Fuel Your Run2018-09-17T12:10:45+01:00

Fuel Your Run

When training for a marathon, what you eat or drink before and after your training could be the difference between a good and bad session. There are several ways to benefit performance and recovery through your diet.

Runs for less than an hour

Your training varies based on ability but for runs up to 1 hour duration, a basic hydration and nutrition plan is sufficient to maintain energy throughout. You are not required to carbo-load or prepare specifically in any way. On a normal diet the body should be able to handle this length of exercise. Some people make the mistake of increasing food intake for shorter runs and stop themselves from burning off fat and possible losing weight.

Runs for over an hour

The body can store fuel for about 2 hours of running. Eating correctly before helps prevent low blood sugar which can lead to fatigue, blurred vision and light headedness. Food and fluids provide your muscles with extra energy to aid your performance. For runs greater than 2 hours it is necessary replenish energy with drinks and gels.


Look for food that has a low to moderate GlycemicIndex (GI). GI ranks carbohydrate foods according to how quickly they release glucose into the bloodstream.

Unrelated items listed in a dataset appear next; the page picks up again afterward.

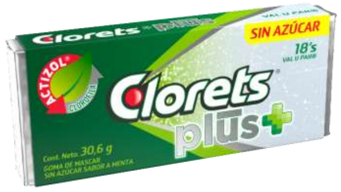
Chicles Clorets sin azucar
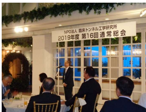
次回開催地支部の挨拶（福家四国支部長）
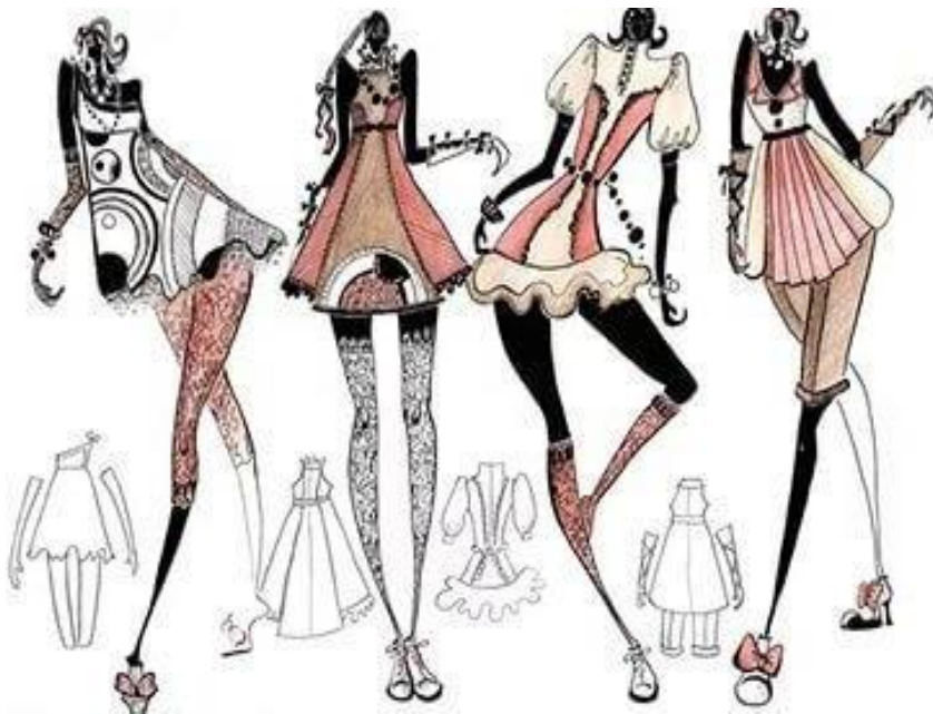
Рис.6 Композиция, при которой центром композиции является оформление ног

Задачи: умение создавать эмоционально насыщенные композиции, которые лягут в основу работы с материалом, изучение традиционных и создание на их основе авторских технологий и способов художественной обработки материала, умение воплощать проектный замысел в изделиях при художественном проектировании костюма.
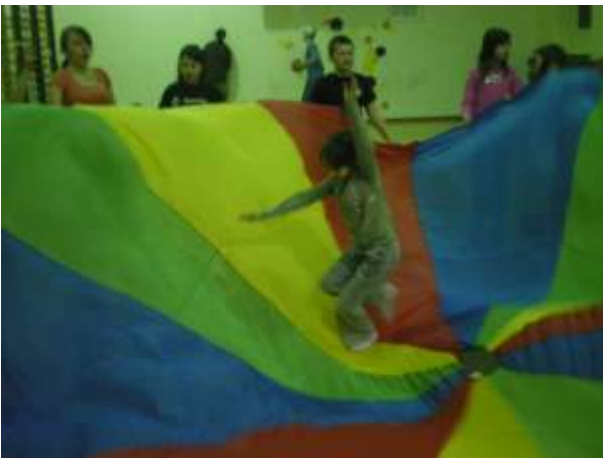
Turniej Antka Cwaniaka
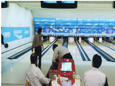
札幌地区協議会 平成19年度ボウリング大会
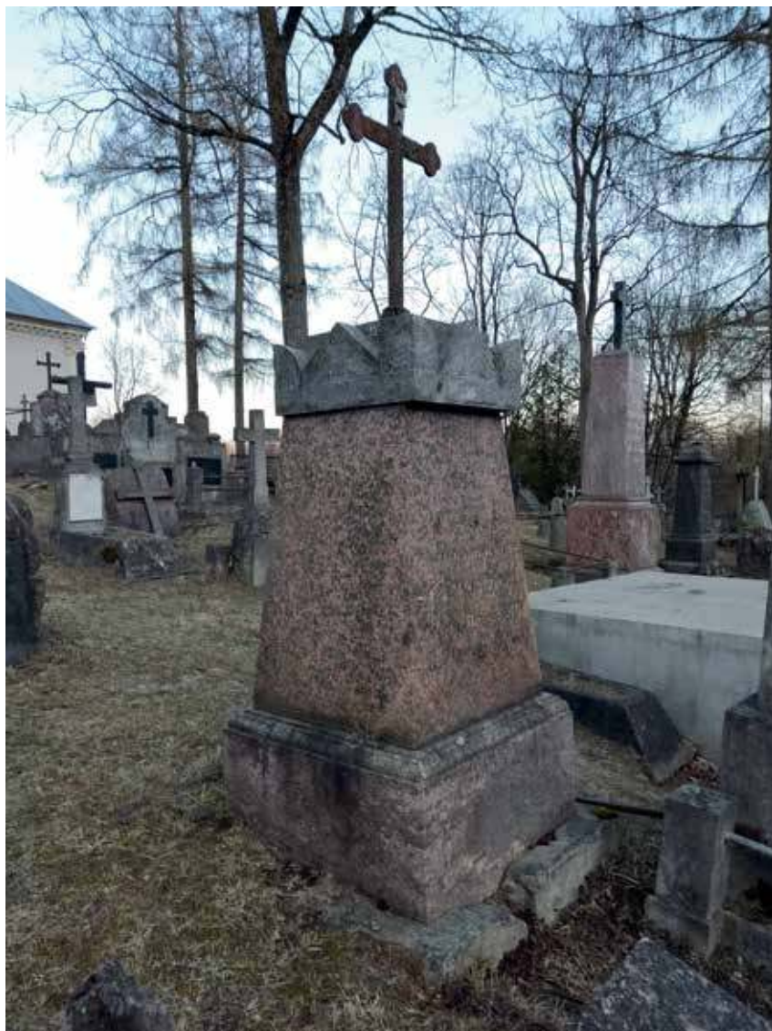
4. Izabelės Rudaminaitės-Šyrynovos paminklas Rasų kapinėse, po 1849 m. 2022

High GI carbohydrates such as honey, white bread and potatoes enter the bloodstream quickly providing a quick release of energy. This is ideal during or after a training run but not ideal pre-run. Sports drinks also have a high GI.

Low to moderate GI carbohydrates are products such as bananas, yogurt, milk, kidney beans, and apples. The energy from low GI foods provide a slower release into the blood stream and will provide sustained energy for a long run. It is good to experiment when and what to eat before a run. Usually, between 1 – 2 hours prior to running is recommended.

Reduce high fat foods

High fat foods take longer to leave the stomach and can cause stitches or stomach upset.

Avoid sugary foods before running

Consuming sugar through lollies, cereals or fluids 15 minutes to 2 hours before your run will provide a quick release of energy but it is not sustainable. Your blood sugar level will drop and leads to fatigue during the run.